O relatório do Incra revela que os assentamentos contribuíram no ano passado com 21% do total desmatado na Amazônia Legal. Foram 251,6 mil hectares, contra 221,6 mil hectares no ano anterior. Nessa região, os assentamentos representam cerca de 8% da área. "O desmatamento não respeita assentamento, unidades de conservação, parques nacionais, áreas indígenas. Ele avança em cima de tudo isso", declara Celso Lacerda, diretor de Implantação de Projetos de Assentamento do Incra.
Essa visão oficial, porém, é contestada por Adalberto Veríssimo, pesquisador da ONG Imazon (Instituto do Homem e Meio Ambiente da Amazônia). Segundo ele, o desmatamento ocorre com mais intensidade nos assentamentos, e não em terras indígenas e unidades de conservação. "Tem um coquetel explosivo: pecuarização, agricultura, além do efeito da exploração predatória da madeira e do carvão. Tudo isso dentro dos assentamentos. Fazer assentamentos em regiões de florestas é pedir para desmatar", disse Veríssimo. "Eles [os assentados] acabam assediados pela dinâmica do desmatamento", completa.
Concentração de lotes
Do total desmatado nos 869 assentamentos, 51,3% estão no Pará, seguido de MT (22,1%). Os dados usados no levantamento são do Prodes (Projeto de Monitoramento do Desflorestamento na Amazônia Legal), do Inpe, com imagens da floresta captadas por satélite de agosto de 2007 a julho de 2008. Segundo o Incra, o avanço do desmatamento em áreas de reforma agrária ocorre em meio a um processo de concentração dos lotes, ou seja, quando uma única pessoa compra irregularmente lotes dos assentados para ampliar sua propriedade.

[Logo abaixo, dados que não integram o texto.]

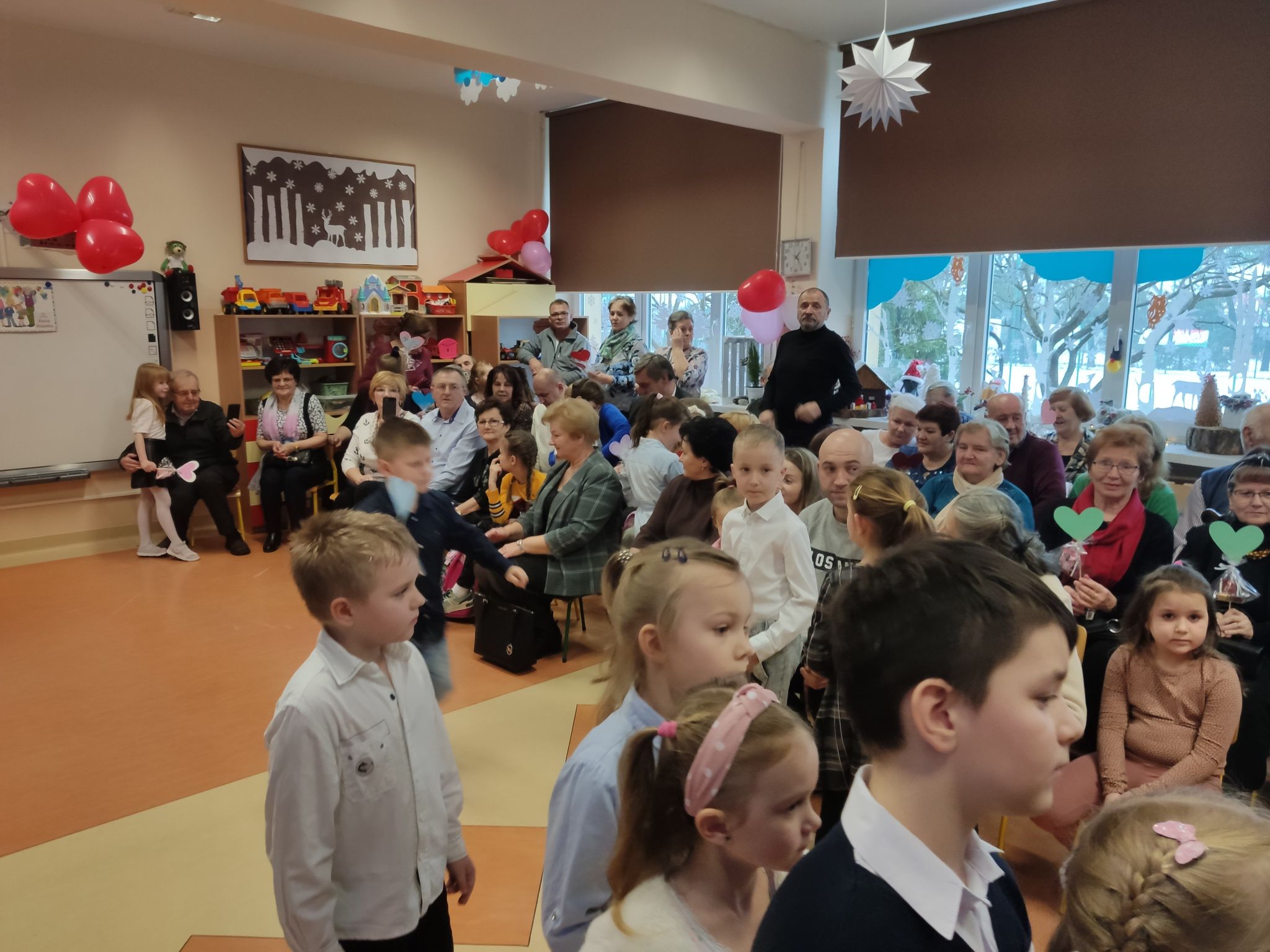 wiersze i montaże słowno-muzyczne ukazujące ich miłość, wdzięczność i życzenia długiego życia dla Dziadków. 4-letnie Słoneczka dodatkowo przygotowały inscenizację o 12 miesiącach. Ich równolatki Biedronki, w tym roku zaprosiły swoje Babcie i Dziadków na Bal Karnawałowy. Podczas jego trwania nasi seniorzy mogli potańczyć z wnukami, ze sobą nawzajem, jak również powrócić wspomnieniami do młodzieńczych lat przy muzyce Krzysztofa Krawczyka, Jerzego Połomskiego, czy Marii Koterbskiej.
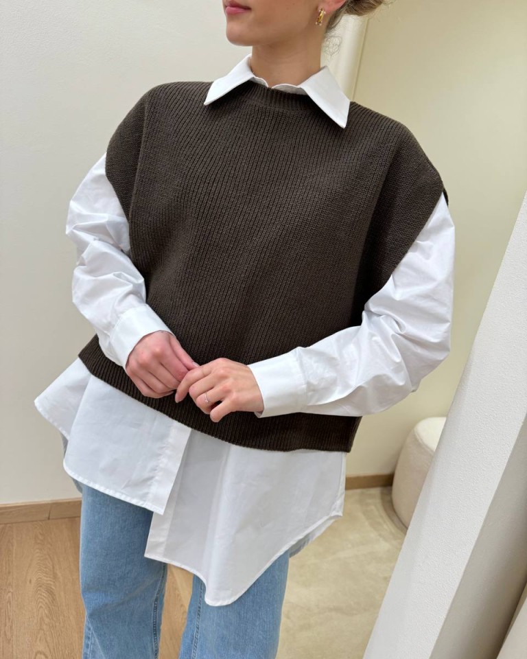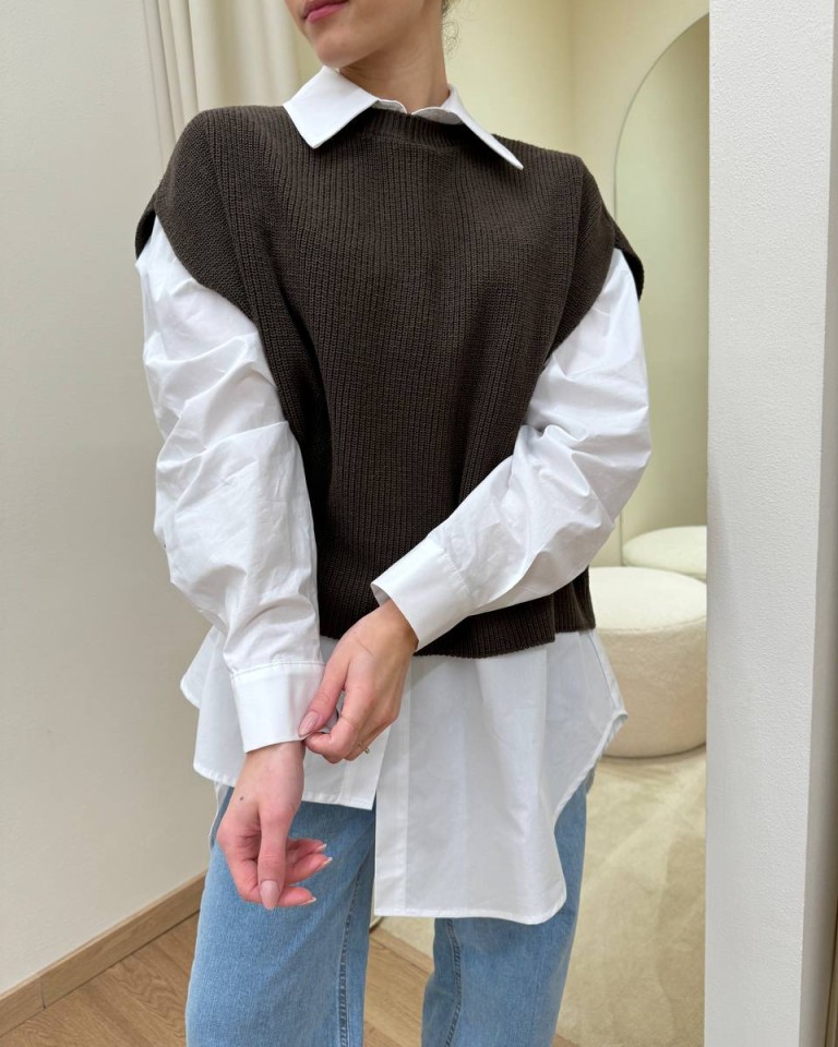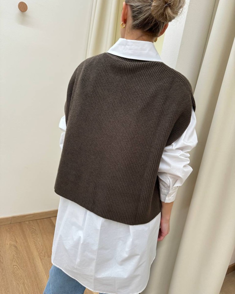 Gilet in maglia inglese moro, modello over, girocollo, giromanica sceso. Vestibilità ampia.

No final do ano passado, o Ministério do Meio Ambiente divulgou uma lista que incluiu oito assentamentos entre os cem maiores desmatadores do país. Na ocasião, a ala agrária do governo criticou a metodologia do estudo, que não dividiu o total desmatado nos projetos pelo número de assentados. Para amenizar os efeitos da motosserra, o Incra fechou um acordo com o Inpe para que as imagens de satélite sejam monitoradas em intervalos mais curtos.